TASK TO COMPLETE »
Write the entries out again in full and unchanged, dropping every image.

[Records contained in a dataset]
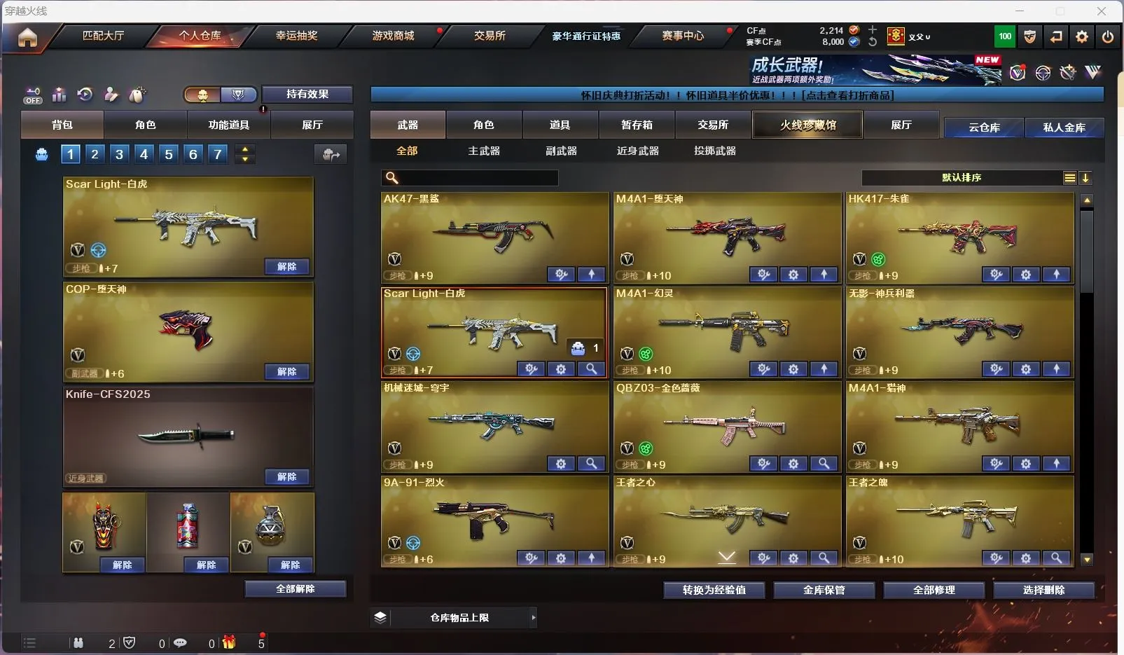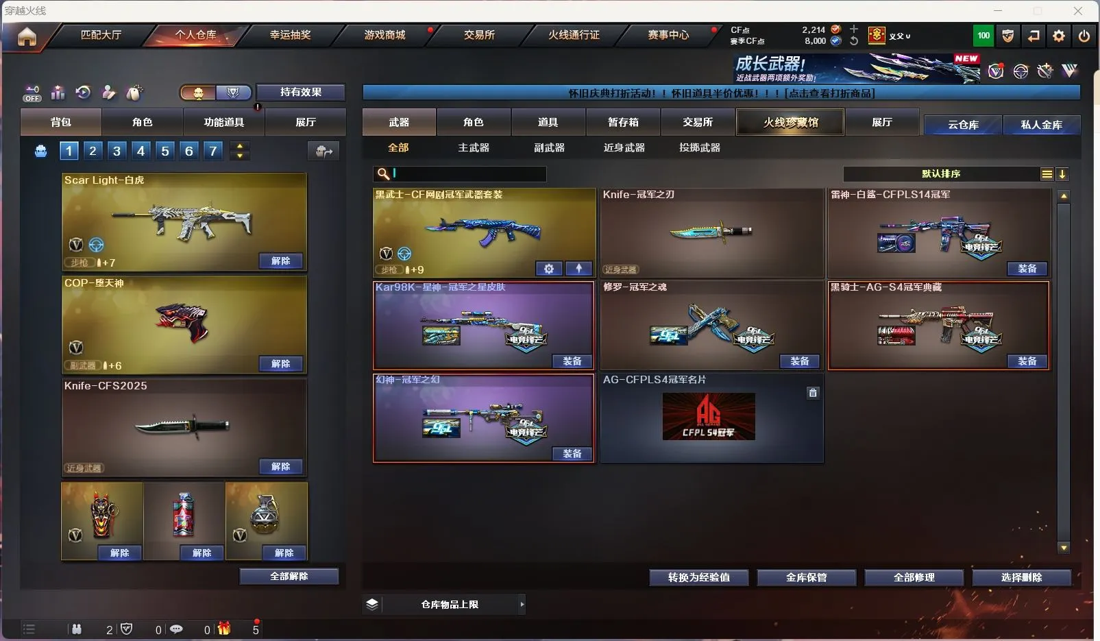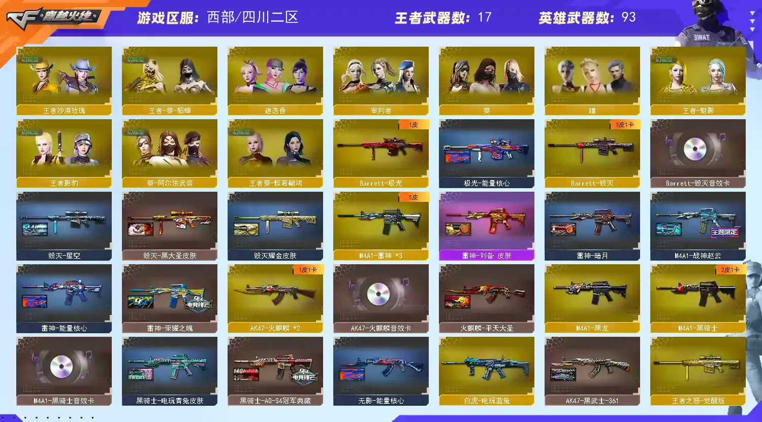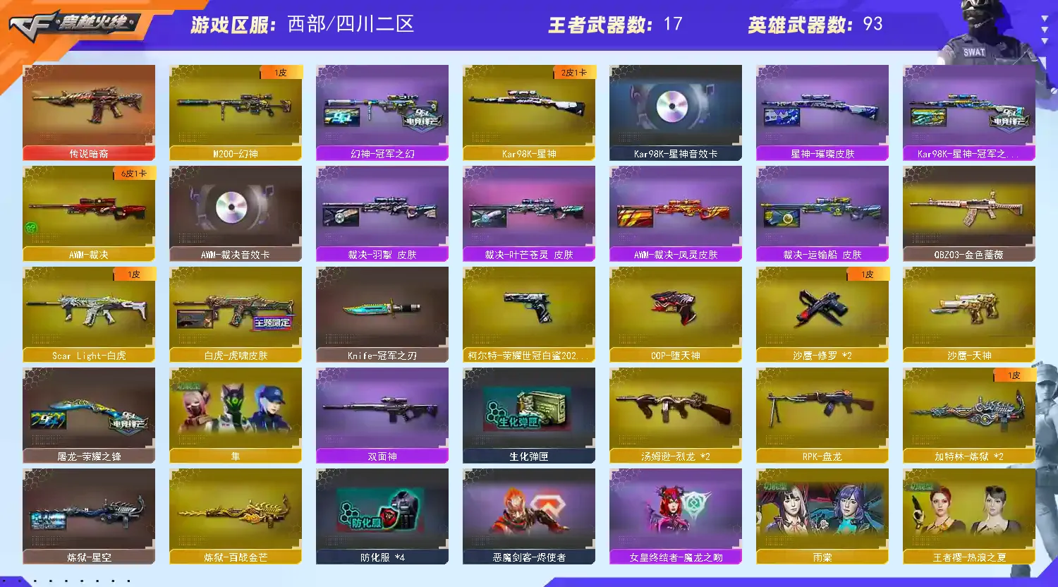 【亮点解析 星神三件套 裁决三件套 】【m200幻神+冠军之幻+冠军之刃】【98k星神+音效卡+冠军之星+璀璨】【王者星神 】【传说暗裔】【scar白虎+虎啸】【qbz金色蔷薇】【朱雀】【火麒麟+卡】【黑龙】【雷神+白鲨冠军+荣耀之魄】【黑骑士+卡】【毁灭+卡+cfs2018】【极光】【裁决 +卡+叶芒苍灵】【堕天神套】【武器: 堕天神 幻灵 王者之心 王者之魄 海王 荣耀世冠雷神 王者风势 白虎电玩 盘龙 炼狱*3 烈龙*3】【5手枪:修罗*2 天神 堕天神 柯尔特荣耀世冠白鲨】【12刀具:屠龙 龙啸 擎天 尼泊尔雷霆 堕天神 幻灵之峰 麒麟刺 荣耀世冠龙啸 】【7雷套:雷霆雷 堕天神雷*6】【小人枪:毁灭孙三炮】【音效卡:星神音效卡 裁决音效卡 火麒麟音效卡 毁灭音效卡 黑骑士音效卡 】【四防角色:雨棠 隼 王者葵貂蝉 王者魅影 王者葵惊若翩鸿 王者沙漠玫瑰 王者影豹 】
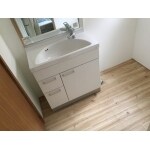 間口を広く取り、鏡も取り付け身支度にかかる負担を軽減しました。 天井・壁クロス、床はクッションフロアへ張替へ
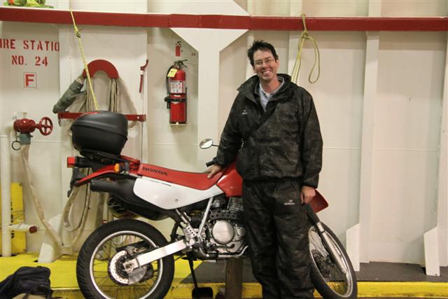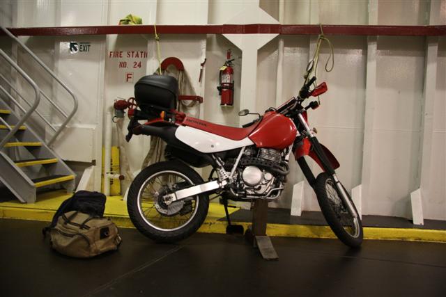 Probably, riding a motorcycle onto a ferry to change countries is about the most manly thing you can do, without leaving the earth's surface. You have schedules. Have to buy tickets. Have to drive from the earth's surface onto a ship. Then block up the bike and tie it down with ropes so the ocean won't knock it over. By the time I get my bike lassoed to the ship's ribcage, I'm drowning in adrenaline. I want to chew nails and throw things. I am cro-magnon man.
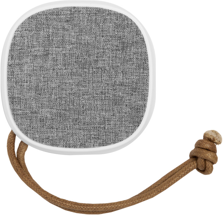 Medidas 9 x 9 x 4,4. Material plástico. Parlante bluetooth cubierto en tela. En la parte inferior engomado antideslizante con botones para encender o apagar, play/pausa y responder llamadas. Botón de retroceso y avance, este último, si se mantiene presionado durante unos segundos pasa a la siguiente pista, estos mismos botones permiten aumentar o bajar el volumen. Entrada USB, incluye cable. Lazo de tela color marrón que permite colgarlo. Alcance 10 mts. aprox. Duración de la batería 8 – 12 hs aprox. Incluye caja para guardar
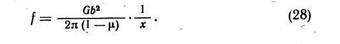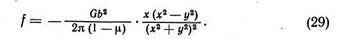 действия первой дислокации в точке O на вторую дислокацию, имеющую координаты х, у в параллельной плоскости скольжения. Учитывая, что сила, действующая на единицу длины второй дислокации, f = bτ, а также выражение (26) для τ, можно записать для силы взаимодействия параллельных краевых дислокаций одного знака:
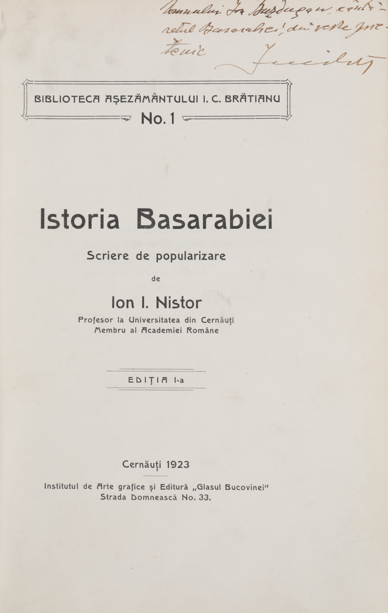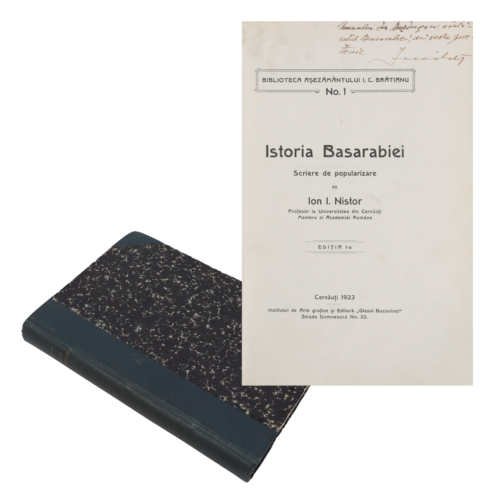 50. ”Istoria Basarabiei”, de Ion I. Nistor, ediție princeps, Cernăuți, 1923, cu dedicația autorului către poetul basarabean Ion Buzdugan
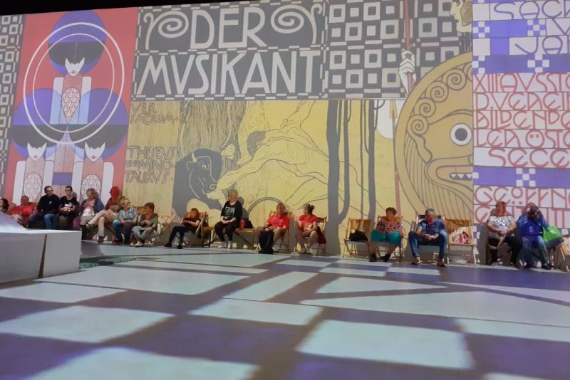 A tárlat első szakaszában a szecessziós stílus egyik legismertebb képviselőjének életrajzába tekinthettünk be, majd továbbhaladva, a térkompozíciókon és fényeffektekkel pásztázott képeken keresztül fokozatosan vonódtunk be Klimt belső világába. A 360°-os vetítésen, az alkotó legismertebb műveiből fény- és hangjátékkal komponált koncerten merülhettünk el teljesen különös, formabontó, olykor meghökkentő, mégis lenyűgöző művészetében.

TASK OUTPUT »
 【亮点解析 星神三件套 裁决三件套 】【m200幻神+冠军之幻+冠军之刃】【98k星神+音效卡+冠军之星+璀璨】【王者星神 】【传说暗裔】【scar白虎+虎啸】【qbz金色蔷薇】【朱雀】【火麒麟+卡】【黑龙】【雷神+白鲨冠军+荣耀之魄】【黑骑士+卡】【毁灭+卡+cfs2018】【极光】【裁决 +卡+叶芒苍灵】【堕天神套】【武器: 堕天神 幻灵 王者之心 王者之魄 海王 荣耀世冠雷神 王者风势 白虎电玩 盘龙 炼狱*3 烈龙*3】【5手枪:修罗*2 天神 堕天神 柯尔特荣耀世冠白鲨】【12刀具:屠龙 龙啸 擎天 尼泊尔雷霆 堕天神 幻灵之峰 麒麟刺 荣耀世冠龙啸 】【7雷套:雷霆雷 堕天神雷*6】【小人枪:毁灭孙三炮】【音效卡:星神音效卡 裁决音效卡 火麒麟音效卡 毁灭音效卡 黑骑士音效卡 】【四防角色:雨棠 隼 王者葵貂蝉 王者魅影 王者葵惊若翩鸿 王者沙漠玫瑰 王者影豹 】
 間口を広く取り、鏡も取り付け身支度にかかる負担を軽減しました。 天井・壁クロス、床はクッションフロアへ張替へ
 Probably, riding a motorcycle onto a ferry to change countries is about the most manly thing you can do, without leaving the earth's surface. You have schedules. Have to buy tickets. Have to drive from the earth's surface onto a ship. Then block up the bike and tie it down with ropes so the ocean won't knock it over. By the time I get my bike lassoed to the ship's ribcage, I'm drowning in adrenaline. I want to chew nails and throw things. I am cro-magnon man.
 Medidas 9 x 9 x 4,4. Material plástico. Parlante bluetooth cubierto en tela. En la parte inferior engomado antideslizante con botones para encender o apagar, play/pausa y responder llamadas. Botón de retroceso y avance, este último, si se mantiene presionado durante unos segundos pasa a la siguiente pista, estos mismos botones permiten aumentar o bajar el volumen. Entrada USB, incluye cable. Lazo de tela color marrón que permite colgarlo. Alcance 10 mts. aprox. Duración de la batería 8 – 12 hs aprox. Incluye caja para guardar
 действия первой дислокации в точке O на вторую дислокацию, имеющую координаты х, у в параллельной плоскости скольжения. Учитывая, что сила, действующая на единицу длины второй дислокации, f = bτ, а также выражение (26) для τ, можно записать для силы взаимодействия параллельных краевых дислокаций одного знака:
 50. ”Istoria Basarabiei”, de Ion I. Nistor, ediție princeps, Cernăuți, 1923, cu dedicația autorului către poetul basarabean Ion Buzdugan
 A tárlat első szakaszában a szecessziós stílus egyik legismertebb képviselőjének életrajzába tekinthettünk be, majd továbbhaladva, a térkompozíciókon és fényeffektekkel pásztázott képeken keresztül fokozatosan vonódtunk be Klimt belső világába. A 360°-os vetítésen, az alkotó legismertebb műveiből fény- és hangjátékkal komponált koncerten merülhettünk el teljesen különös, formabontó, olykor meghökkentő, mégis lenyűgöző művészetében.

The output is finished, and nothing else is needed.